[Opening PROVIDED DATA section]

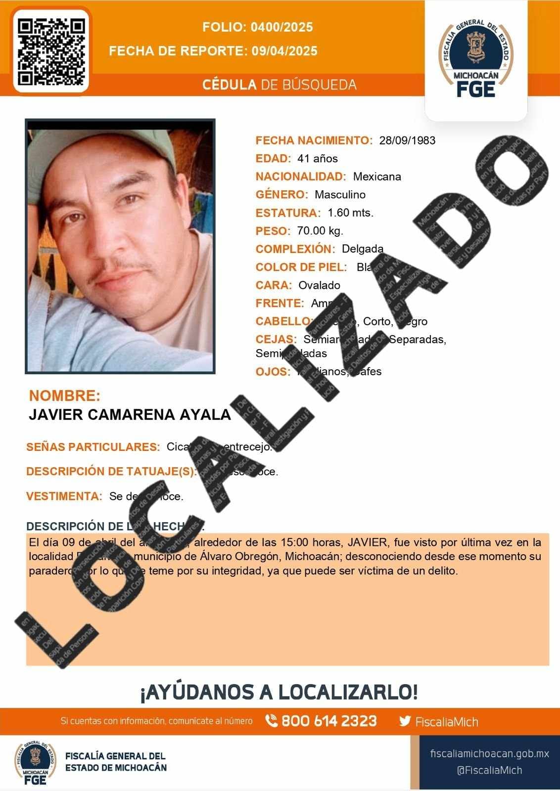 Minutos después, la FGE difundió una cédula de búsqueda de Javier con su media filiación. Posteriormente, civiles y patrulleros hallaron la combi de Javier Camarena, la cual estaba abandonada en un solitario paraje. Y horas después, la Fiscalía avisó sobre la localización con vida del mencionado masculino. RED 113 MICHOACÁN/Redacción
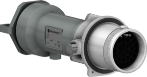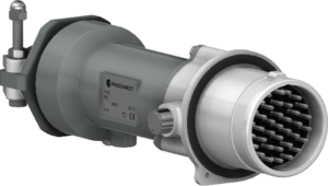 Mobile connector to be cabled and connected in a socket or a cable coupler. The plug cap options are needed to ensure IP67 once disconnected.
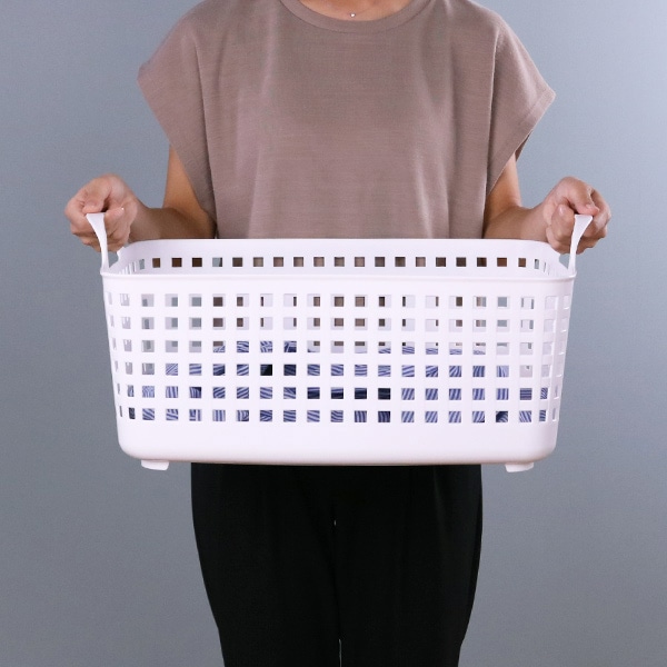 洗濯物用としてはもちろん、収納用としても使いやすく、マルチに活躍するバスケットです。格子状で通気性の良いデザインなので、水回りの収納に最適、タオルや着替えを置いておくバスケットとしても便利です。
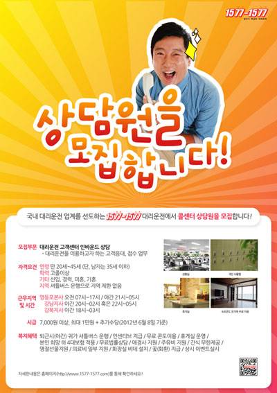 [라이프팀]코리아드라이브(대표 김동근)가 1577-1577 대리운전 콜센터 상담원을 채용한다고 밝혔다.

[Closing PROVIDED DATA section]

### ACTIVITY
Write out only the lines from the line containing "洗濯物用としてはもちろん、収" through the end of the material above, both end lines included. Pictures are not written out.

### WRITTEN SOLUTION
 洗濯物用としてはもちろん、収納用としても使いやすく、マルチに活躍するバスケットです。格子状で通気性の良いデザインなので、水回りの収納に最適、タオルや着替えを置いておくバスケットとしても便利です。
 [라이프팀]코리아드라이브(대표 김동근)가 1577-1577 대리운전 콜센터 상담원을 채용한다고 밝혔다.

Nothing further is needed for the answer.